Saturday, January 3, 2015

Feminist Memoir-Travelogue

"Wild,” directed by John Marc Vallee, 2014

This film is hard to watch.  Even with Reese Witherspoon as ‘eye’ candy for male viewers, the dangers women face are only highlighted by being out in the woods or deserts or mountains alone.  It relates to the film “Into the Wild,” about a young man who camped out alone in the Alaskan semi-wilderness, only to die in a wrecked bus due to several small miscalculations. (Reviewed below. Use blog search box, upper left.)  Yet here we have more vulnerability and the chances of a small miscalculation are greater.  Witherspoon plays Cheryl Strayed, who wrote a memoir about hiking most of the length of the Pacific Crest Trail, ("PCT") from the Sonora desert near Mexico to a bridge on the Columbia River gorge in Oregon. 

This film is not merely a travelogue of beautiful vistas, quirky characters, cold, heat and grueling trails, full of hunger, thirst, being lost and falling.  Strayed is fucked up due to her recent divorce because of her own behavior, her mother’s death from cancer, abuse concerning her father who she never sees, and her own inability to create a real life in Minneapolis.  Instead sex and heroin fill in the gap.  Between the bad boots, over-filled pack, inadequate preparation, over-determination and naiveté - plowing through mountain meadows of heavy snow with only a compass - this hike was a bold but also potentially suicidal move on her part. 

Yet it is as a woman that this hike resonates.  Strayed (her ironic made-up name) has no protection – no gun, hatchet, not even pepper spray.  No skill in self defense.  She is wary of men on the trail – and while friendly, always suspects something of them.  In one case, she is almost raped by a bow hunter packing a knife, but he is fortunately called away by his buddy.  She also takes advantage of being a ‘poor’ woman on the trail.  Some guys she meet call her the “Queen of the PCT” because many people go out of their way to help her – mostly men.  So it cuts both ways.  Beauty can be a disability - or a help.  She meets only one other woman on the trail, but does not hike with her.  She prefers to do it alone, and quite clearly it is a tremendous achievement to finish the trail, especially as a woman.  Women are many times not taught wood's skills, survival skills, physical toughness or being on their own.  This film proves that to be a form of chauvinist social and class conditioning that can be overcome.

Is Reese Witherspoon a good choice for this part?  Given her past performances as a chirpy, comedic light-weight, I’d have to say no.  To me it was always Reese Witherspoon on that trail, not Cheryl Strayed.  And nothing bad can ever happen to Reese Witherspoon.

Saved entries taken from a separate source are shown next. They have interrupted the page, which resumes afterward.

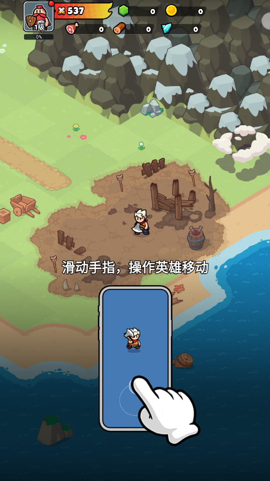 3、按提示【滑动手指,操作英雄移动】,熟悉基础操作,开始探索游戏世界。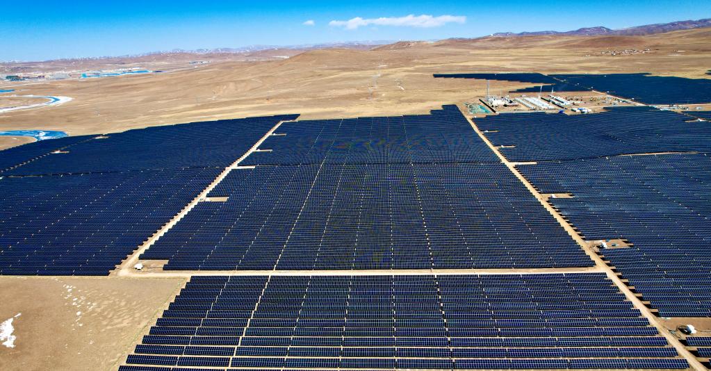 西藏華電那曲色尼區(qū)12萬千瓦光伏發(fā)電電力保供項(xiàng)目全景。新華社記者劉洪明 攝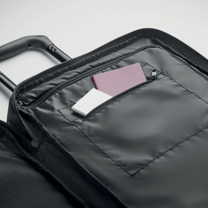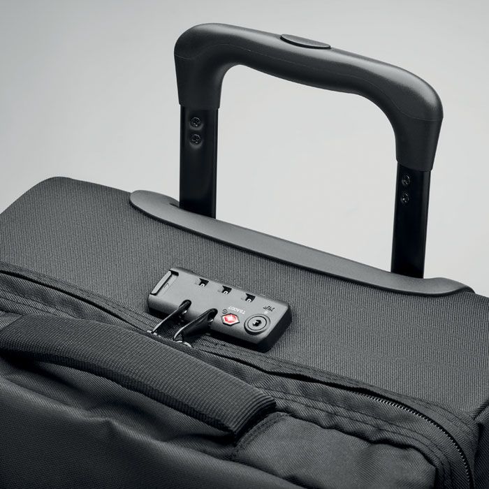 Este trolley no solo destaca por su diseño práctico y elegante, sino también por su compromiso con el medio ambiente. Fabricado en RPET 600D, un material reciclado y resistente, este trolley es una elección eco-consciente que refleja tu compromiso con un estilo de vida sostenible. Las asas superior, lateral e inferior facilitan su manejo en cualquier situación, y las dos ruedas robustas garantizan un desplazamiento suave y sin esfuerzo. Elige inteligencia y sostenibilidad para tus viajes con este trolley de alta calidad.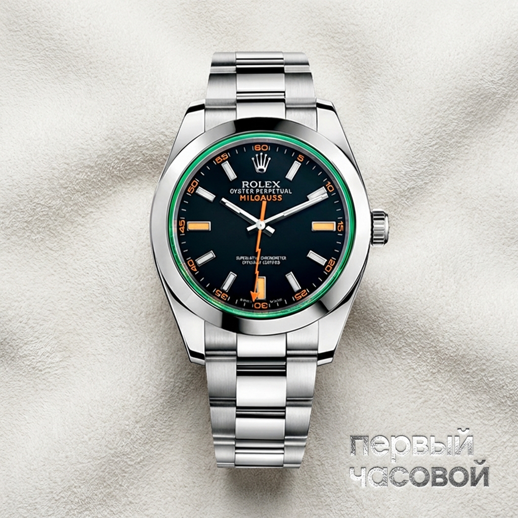 Rolex Milgauss reference 116400GV представляет собой современную техническую интерпретацию модели, изначально разработанной для научного сообщества ЦЕРН в середине XX века. Архитектура 40-миллиметрового корпуса Oyster из стали 904L скрывает в себе внутренний экран из ферромагнитных сплавов, обеспечивающий защиту механизма от магнитных полей индукцией до 1000 гаусс. Визуальной доминантой данной версии является уникальное зеленое сапфировое стекло (Glace Verte), производство которого требует сложнейшего технологического процесса, не имеющего аналогов в индустрии. Циферблат характеризуется строгой геометрией меток с люминесцентным покрытием Chromalight, а оранжевая секундная стрелка в форме молнии служит прямой исторической отсылкой к первым референсам коллекции. Внутри корпуса работает мануфактурный калибр 3131 с автоподзаводом, оснащенный парамагнитной синей спиралью Parachrom и анкерным колесом из никель-фосфорного сплава для минимизации магнитного воздействия. Часы комплектуются стальным браслетом Oyster с полированными центральными звеньями и раскладывающейся застежкой Oysterclasp с удлиняющим звеном Easylink.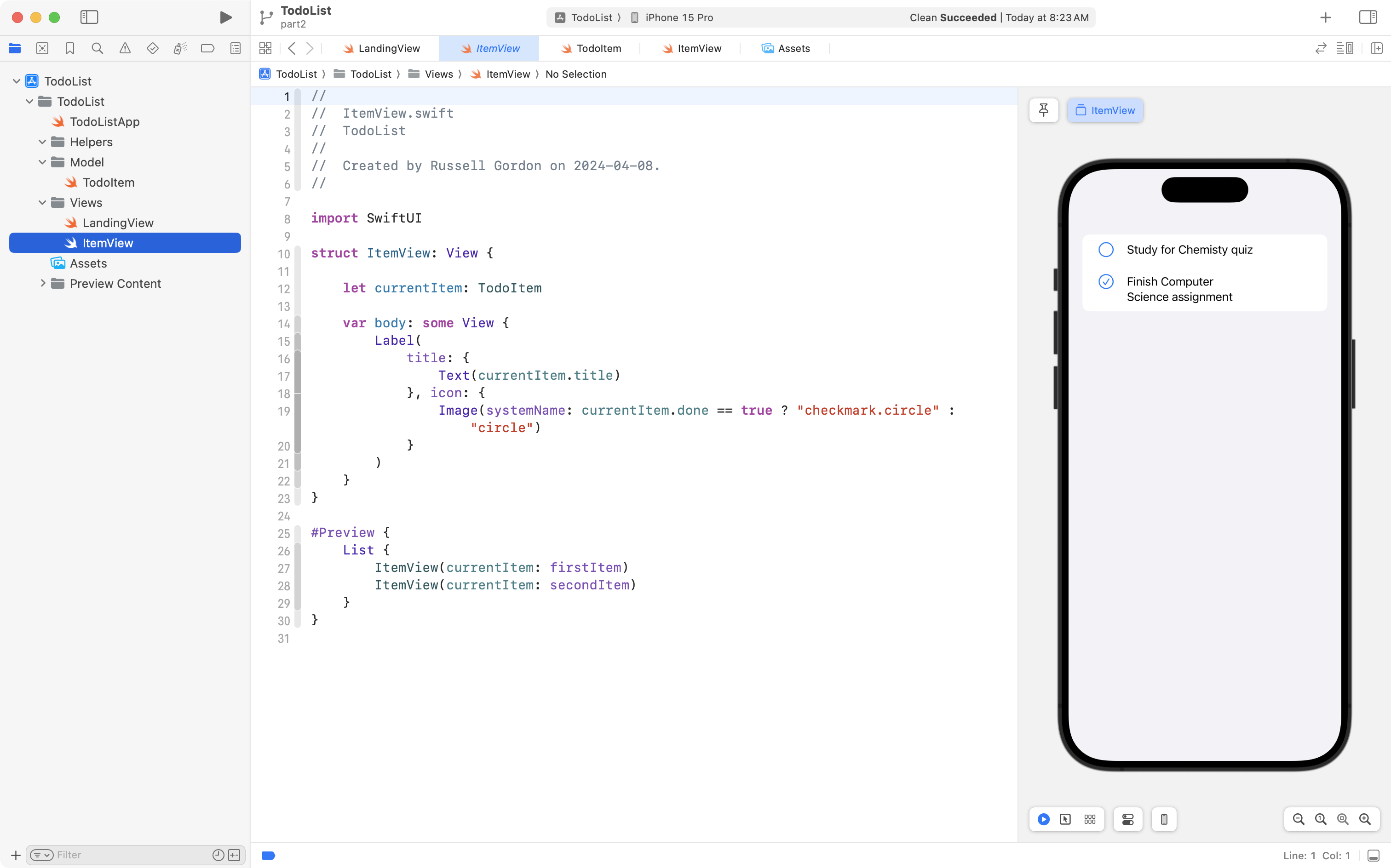 A helper view named ItemView should exist. It’s job is to show the user interface for a single to-do item: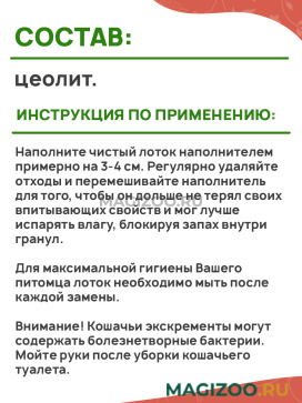 Наполните чистый лоток наполнителем примерно на 3-4 см. Регулярно удаляйте отходы и перемешивайте наполнитель для того, чтобы он дольше не терял своих впитывающих свойств и мог лучше испарять влагу, блокируя запах внутри гранул.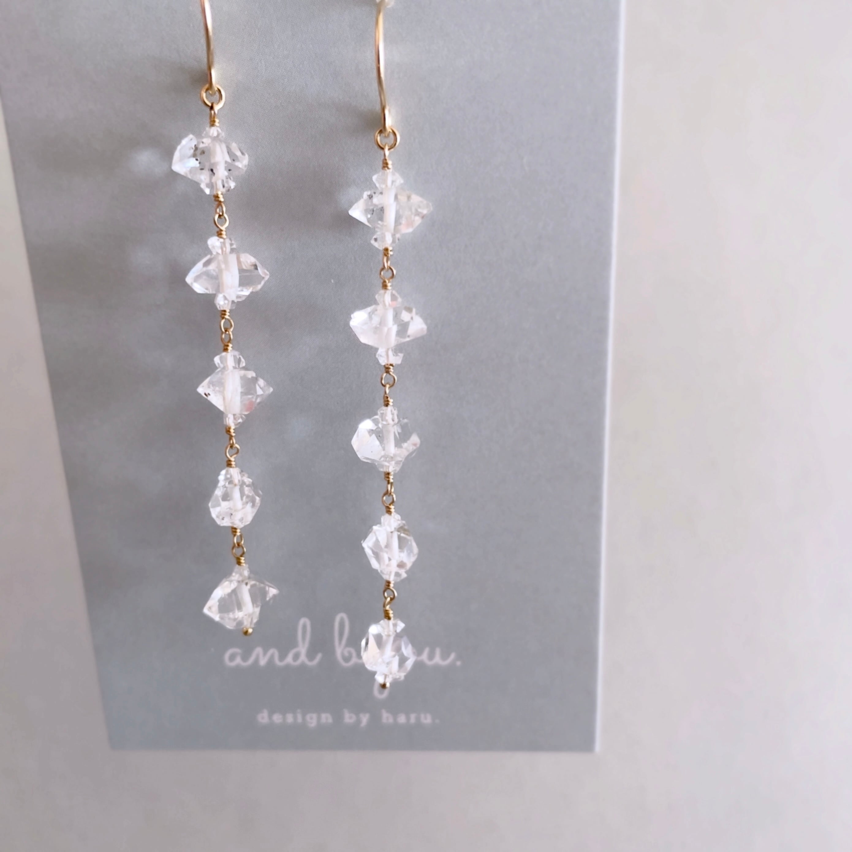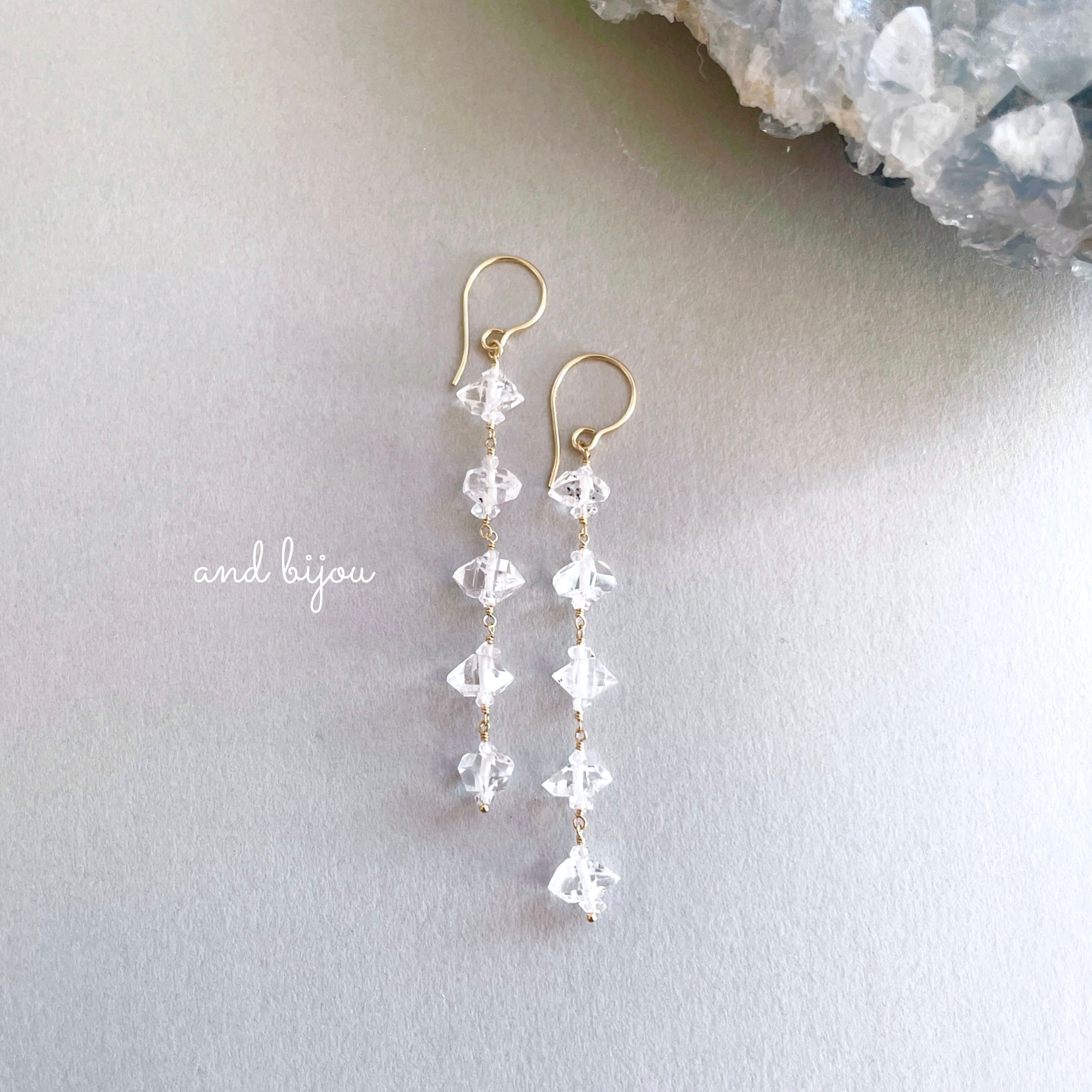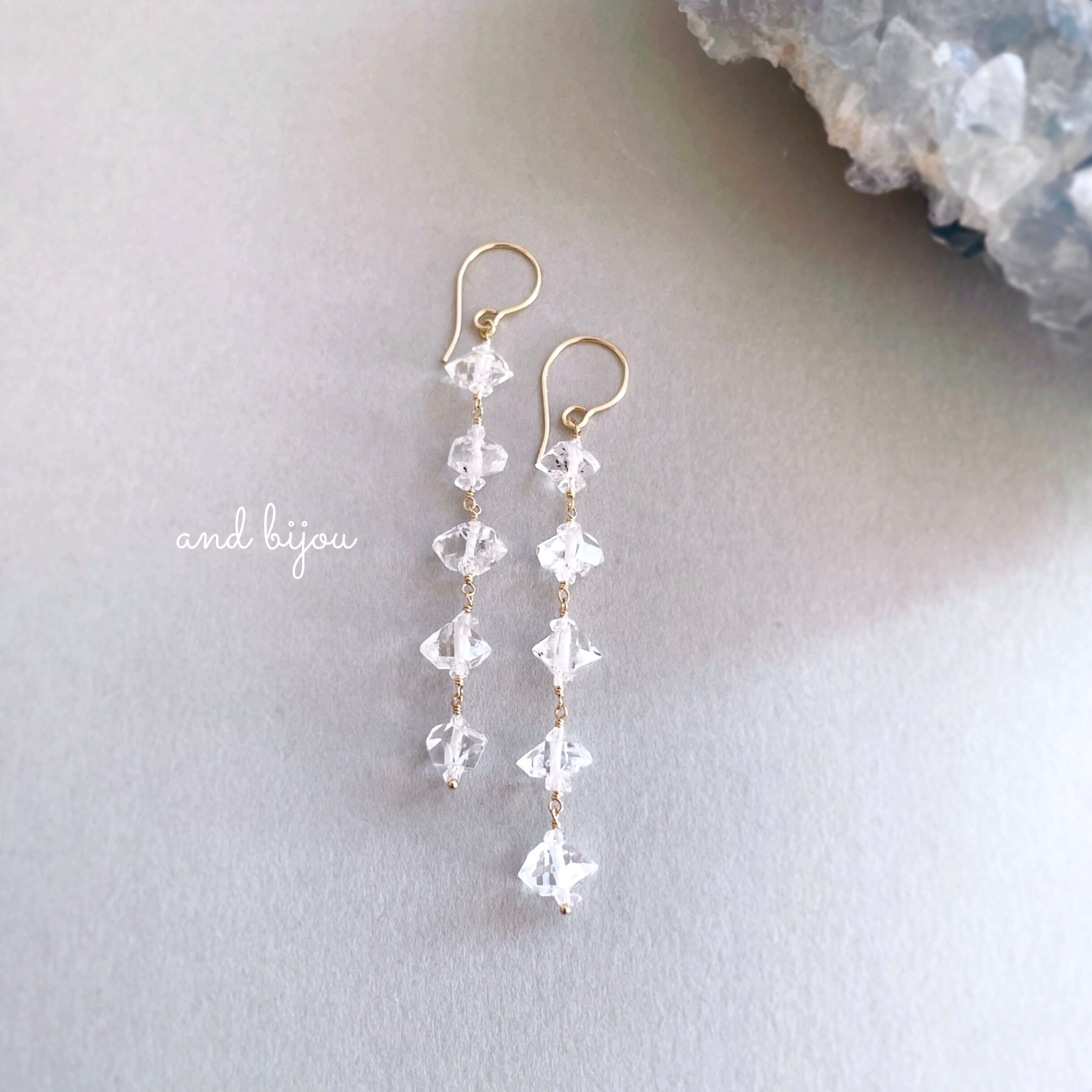 14kgf ハーキマーダイヤモンド ピアス/イヤリング 天然石 誕生石 色石 カラーストーン 水晶 両剣水晶 ダブルポイントクリスタル

Memoirs have been called the ‘neo-liberal’ format of choice, as they revolve around individuals, and usually involve personal addictions or disfunctionality of some kind.   The memoir format is especially pitched to American women by the ‘literary’ schools, I think as a way to short-change their experience and writing skills. This film partially recreates the memoir format, writ large.  Yet because it takes place along a physical trail greater than any individual, it allowed Strayed to extract herself from her own self-misery.  If it had only been a memoir, few would care as much. After all, we all experience death and many of us experience divorce and some experience family abuse.  Loss is essential to the experience of living, intrinsic to understanding reality.  Even addicts can recover.  Most of us go on, no matter what.  But few of us hike the PCT.

Books about survival issues – “Deep Survival,” “Into the Wild,” “All is Lost,” and “Five Stages of Collapse.”  Also recommended, though not reviewed, is the hilarious book, "A Walk in the Woods," by Bill Bryson, about walking the Appalachian Trail.